Methods: The scoring was based on two parameters pertaining to child car seat laws for TNCs: clarity and stringency. For each parameter, three criteria that could impact child safety in TNC vehicles were formulated. If a state met a certain criterion it got 1 point and 0 otherwise. The authors gathered all the necessary information by reviewing state statutes in Nexus Uni, a legal research database. These reviews took place between December 2019 and October 2020, and this study evaluated state laws in effect on October 28, 2020.
Results: During this assessment, the authors observed a lack of clarity in state child car seat laws, which could compromise safety of children traveling in TNC vehicles. For clarity of laws, Georgia and Indiana received the highest scores (3 out of 3 points), while 16 states scored only 1 point, which was the lowest score in this category. In terms of stringency of laws, Pennsylvania received the highest score (3 out of 3 points), while Indiana scored the least (0 points).

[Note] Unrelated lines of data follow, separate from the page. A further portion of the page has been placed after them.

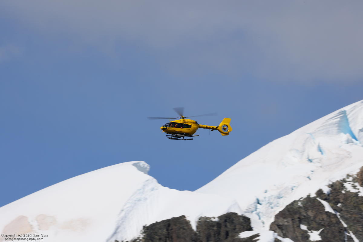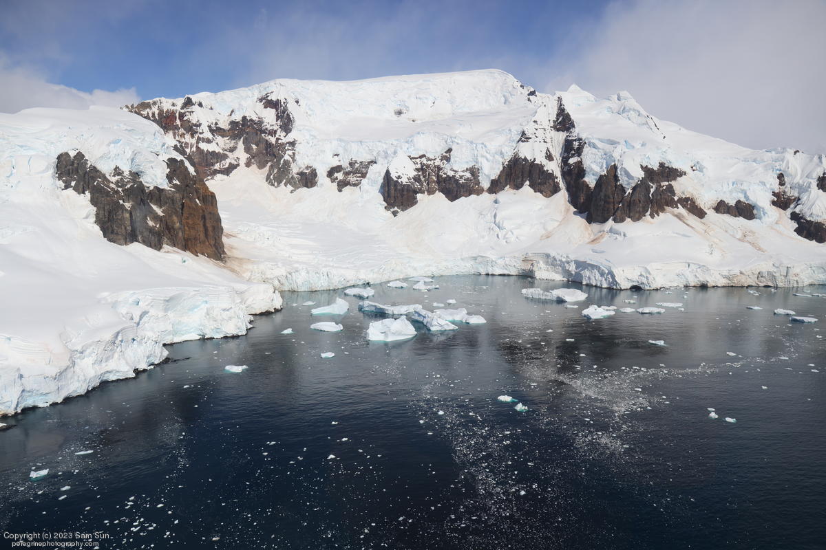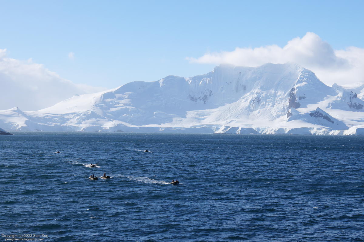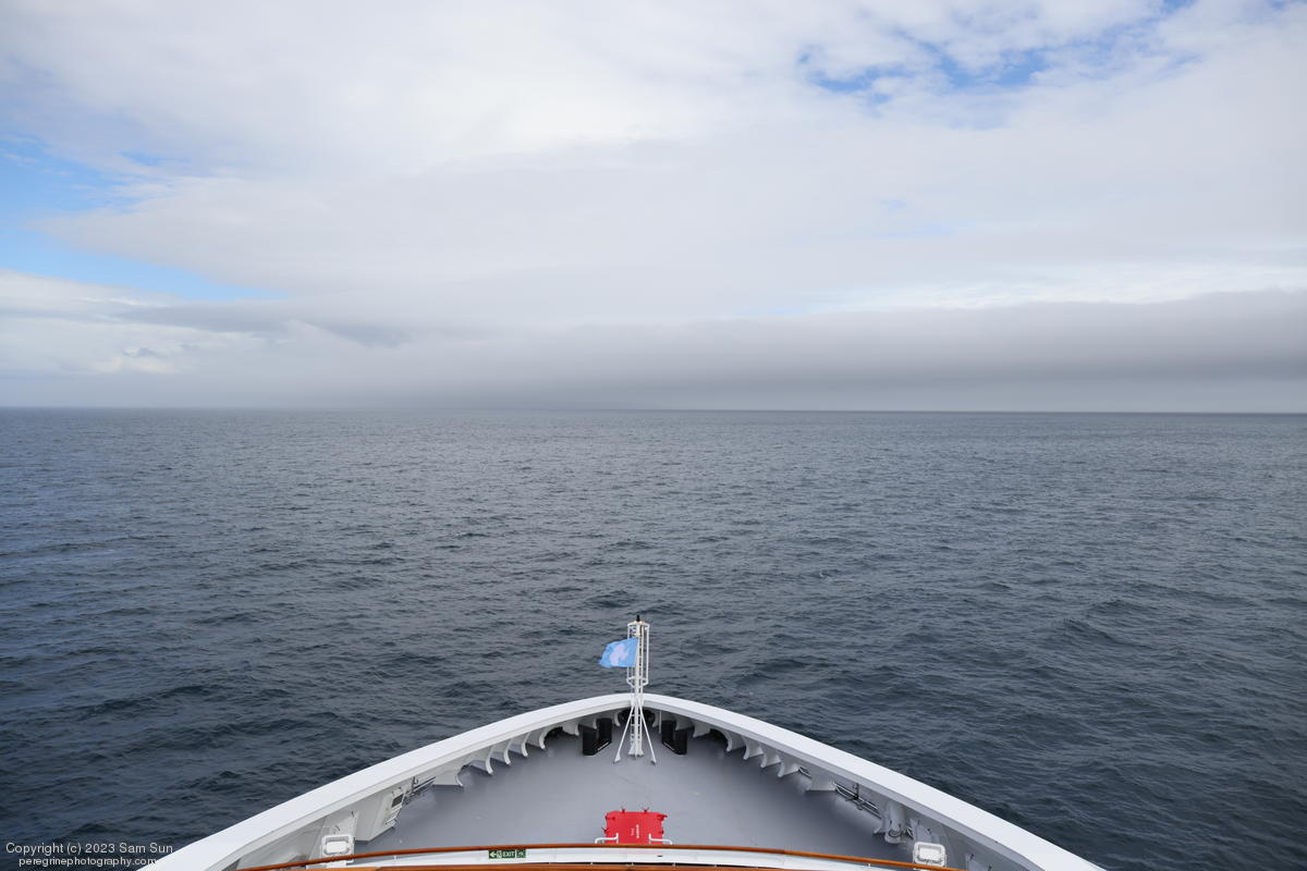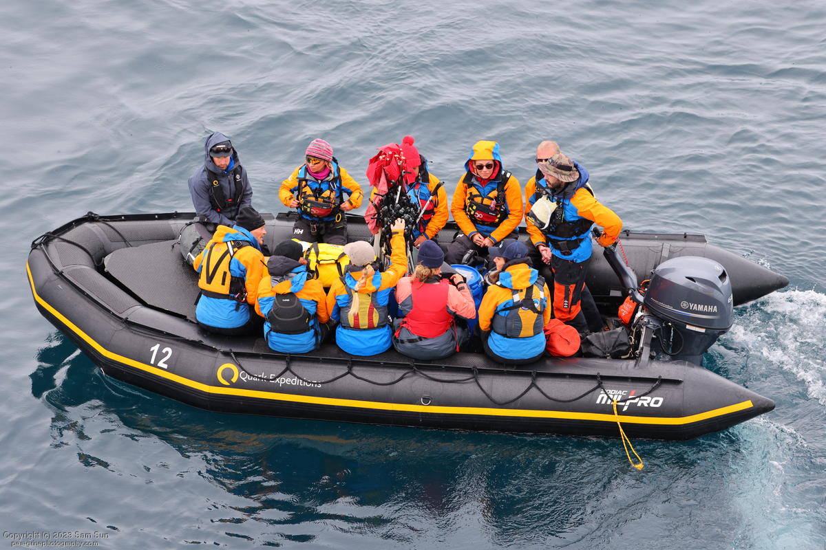 A nice day with mostly sunny skies, but winds were an issue for zodiac and helicopter excursions. We finally found a sheltered area near Kaiser Island to go flightseeing. In the afternoon, we crossed paths with a pod of orcas. The winds came up again, and the afternoon excursions were ultimately cancelled.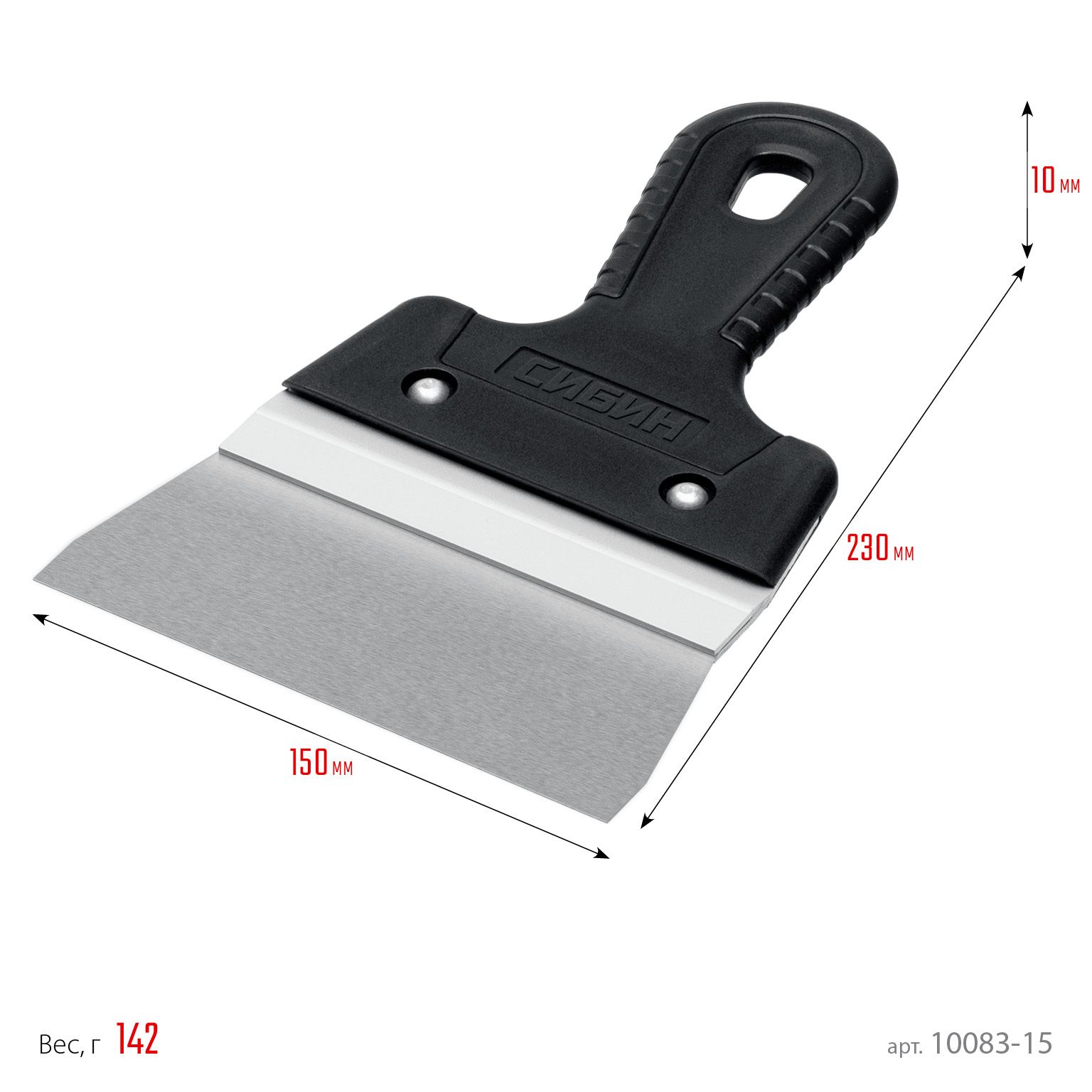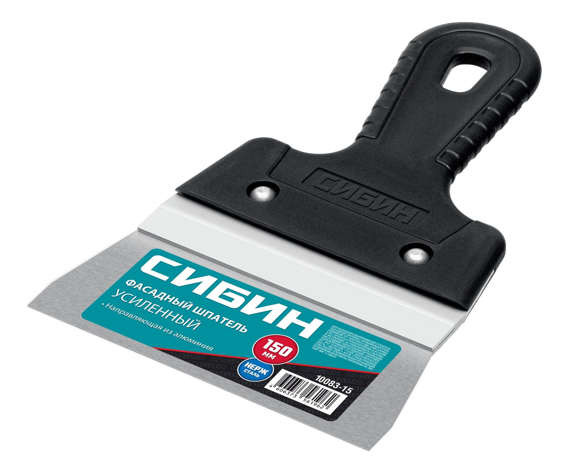 Шпатель СИБИН - отличный выбор для строительства и ремонта! Полотно из нержавеющей стали обеспечивает надежность и долгий срок службы инструмента, алюминиевая направляющая предотвращает изгиб полотна, а эргономичная однокомпонентная рукоятка создает условия для комфортной работы.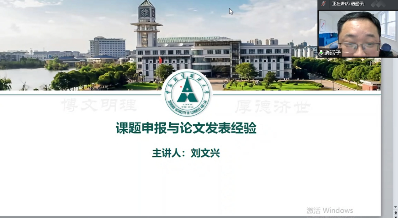 2021年12月13日晚18:30,由太阳成tyc33455ccwww主办的“课题申报与论文发表经验”学术讲座通过线上会议形式成功举办。此次会议由太阳成tyc33455ccwww管理系主任王华强副教授担任主持,由中南财经政法大学工商管理公司刘文兴教授担任主讲人,太阳成tyc33455ccwww及其他文科院系的老师和同学参与。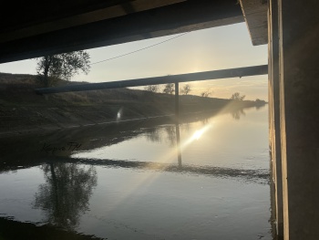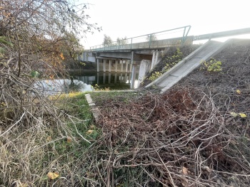 В прошлый раз все было в грязных запутанных водорослях. По состоянию на 11 ноября участок от травы вычистили, с дна удалены мусор и растительность. Бетонные одежды канала у кромки воды без видимых трещин и разрушений.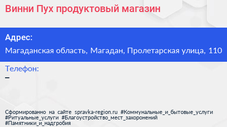 Винни Пух, продуктовый магазин по адресу Магаданская область, Магадан, Пролетарская улица, 110 в дальнейшем Организация, размещена в следующих категориях:
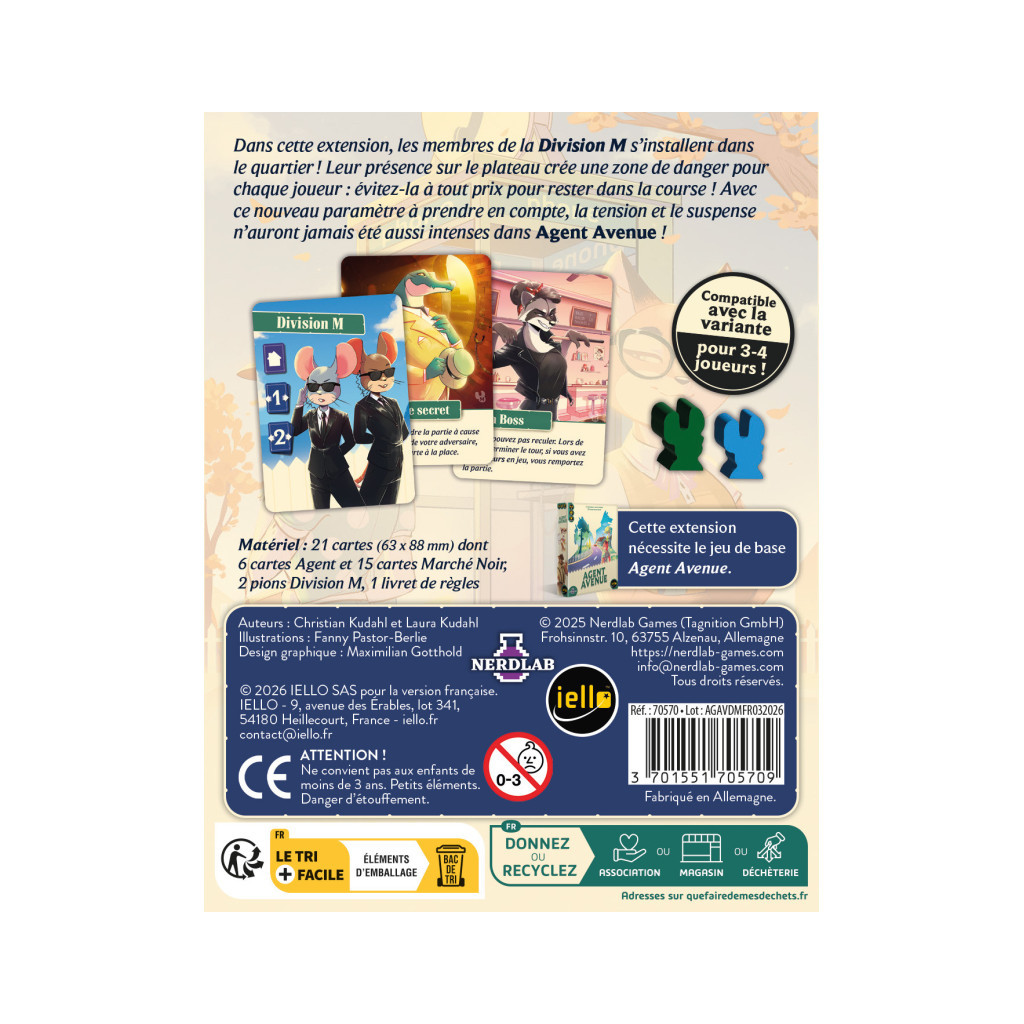 Agent Avenue – Division M est une extension passionnante, qui introduit un tout nouveau type d'agent : les souris de la Division M. Ces agents rusés créent une zone dangereuse autour de votre espace de jeu, ajoutant ainsi une nouvelle dimension stratégique, du suspense et du piquant à chaque partie d'Agent Avenue.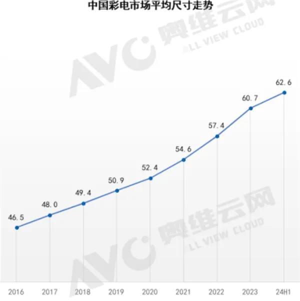 根据奥维云网统计数据,中国彩电市场的平均尺寸,一直在逐年上升,在今年一季度,已经达到62.6吋。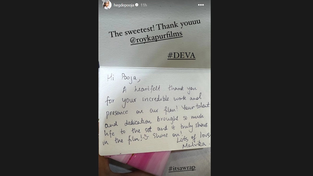Actor Pooja Hegde has wrapped up the shooting of her upcoming film Deva. Pooja took to Instagram Stories on Tuesday and shared a picture of 'Thank you note' which read, "Hi Pooja, A heartfelt thank you for your incredible work and presence on our film! Your talent and dedication brought so much life to the set and it truly shows in the film!" Shine on, Lots of love, Malvika."She captioned the picture and wrote, "The Sweetest. Thank you @roykapurfilms #DEVA #itsawrap" Deva: Shahid Kapoor Looks Solid in New Monochrome BTS Glimpse From His Upcoming Film Directed by Rosshan Andrrews (See Pic).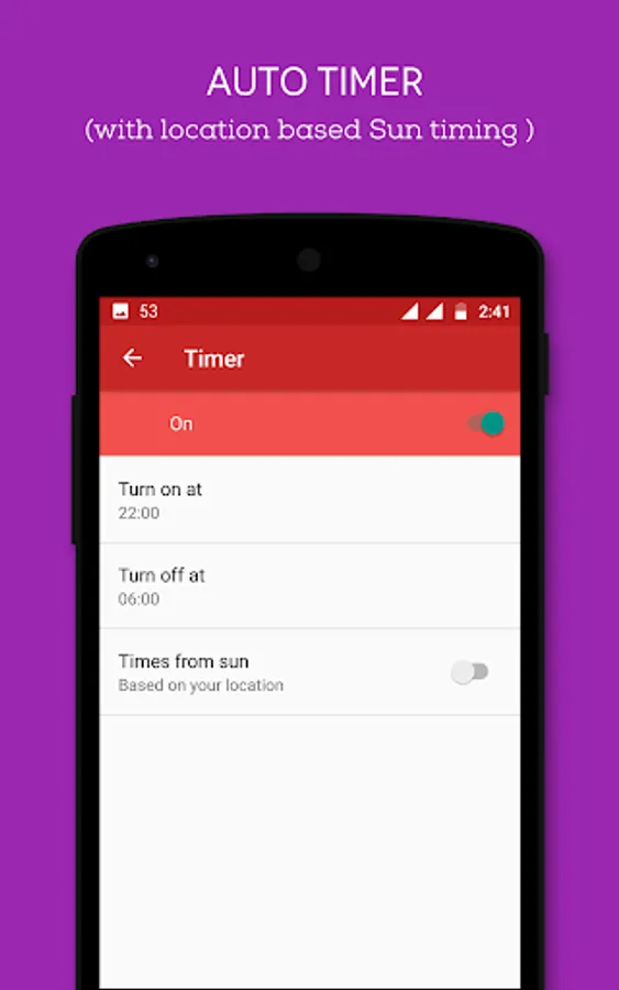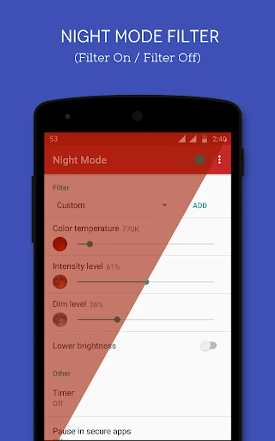 Night mode app makes your device screen adapt to the day light time and It filters the flux of blue light emitted by your smart devices after sunset and protects your eyes with a soft and pleasant red filter.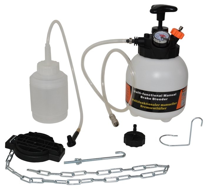 Sada pro odvzdušňování brzdových a spojkových systémů s ruční pumpou, tlakoměrem, nádržkou 3 l, Euro-adaptérem, univerzálním adaptérem s řetězem, hadicí a záchytnou nádobou.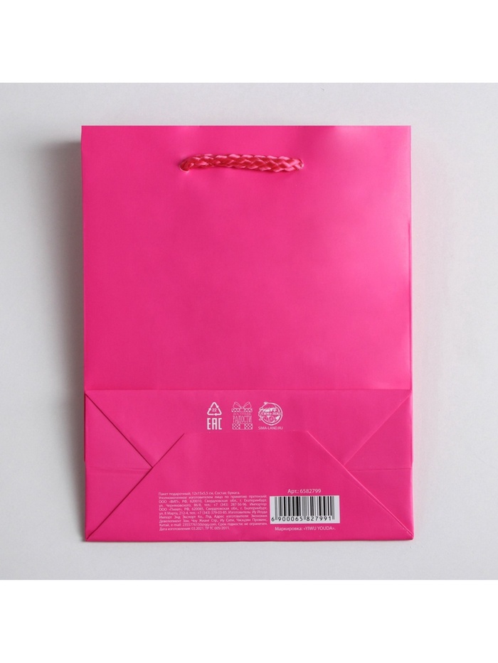 Пакет подарочный ламинированный, упаковка, «Фуксия», S 12 х 15 х 5.5 см — Характеристики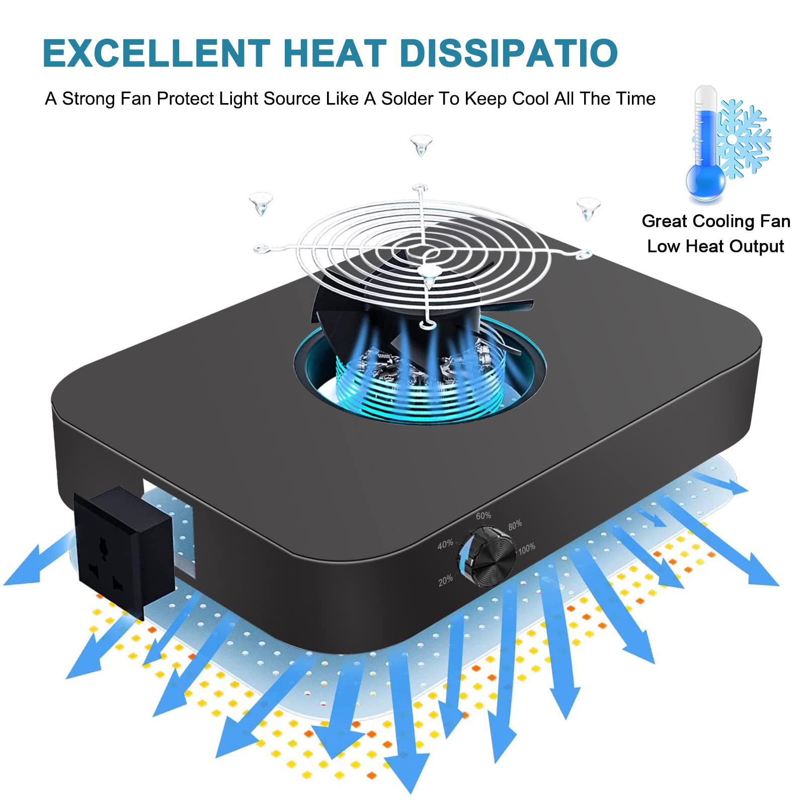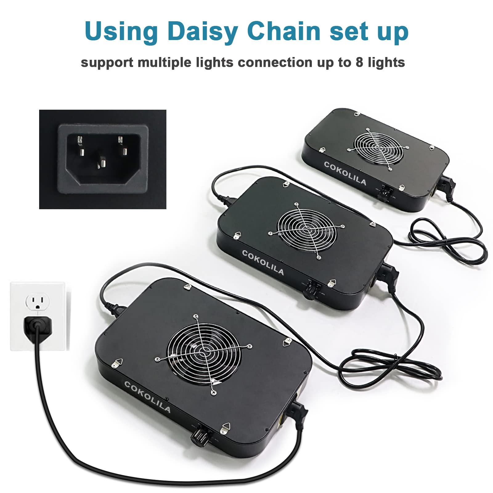 ["Lower costs and higher yields: In our plant light, 584 of the latest SMD LEDs are installed, resulting in high energy efficiency with 2.7 umol/J. Power consumption is 130 W, Max 2.0g/W. Perfect for an area of 4 x 4 ft in the growth phase and 3 x 3 ft in the flowering phase", "Full spectrum LED grow light: Our plant light grows with full spectrum white, blue, red, UV, and IR (3000 K, 5000 K, 660 nm, UV 395 nm, and IR 760 nm). 3000K diodes provide more reddish light and the 5000K diodes provide more bluish light. 660 nm red and IR light is especially useful during flowering, where it accelerates flowering time and increases yields. Perfect for germination, growth, flowering, and harvesting", "Dimmable and stronger cooling system: An additional dimmer knob controls the brightness of the entire LED grow light and allows for flexibility to achieve perfect growth performance for each growth phase. You can also dim each light independently. The extra-large fan keeps the diodes cool. With 1 built-in bass high-speed fan and multiple ventilation slots that quickly dissipate heat and prevent the led grow light bulb from overheating and getting damaged", "Daisy Chain design and widespread use: This grow light is a double outlet. You can connect multiple lights together via the Daisy Chain function, but only need one outlet. You can use this grow light in the living room, greenhouse, tent, and hydroponic room. It is very ideal for indoor plant growers, as it is like sunlight, so you won't confuse your neighbors", "Certification and package contents: 2-year protection plan. Safe for indoor use. Product quality and friendly customer service have always been our top priority. If you have any questions, please chat with us via Amazon. Our competent team is available to answer any questions"]

Conclusions: Besides one state (Oregon), all other states defined TNCs in their state laws. All states except for Indiana and Washington required child car seats in TNC vehicles. The responsibility for child car seat use was clearly defined in 35 states. The fine for child car seat violation was $50 or more in 28 states. Practical Application: This study will help TNCs, policymakers, and stakeholders identify states that need to improve their standards for child safety in TNC vehicles, and comprehensively address the issue.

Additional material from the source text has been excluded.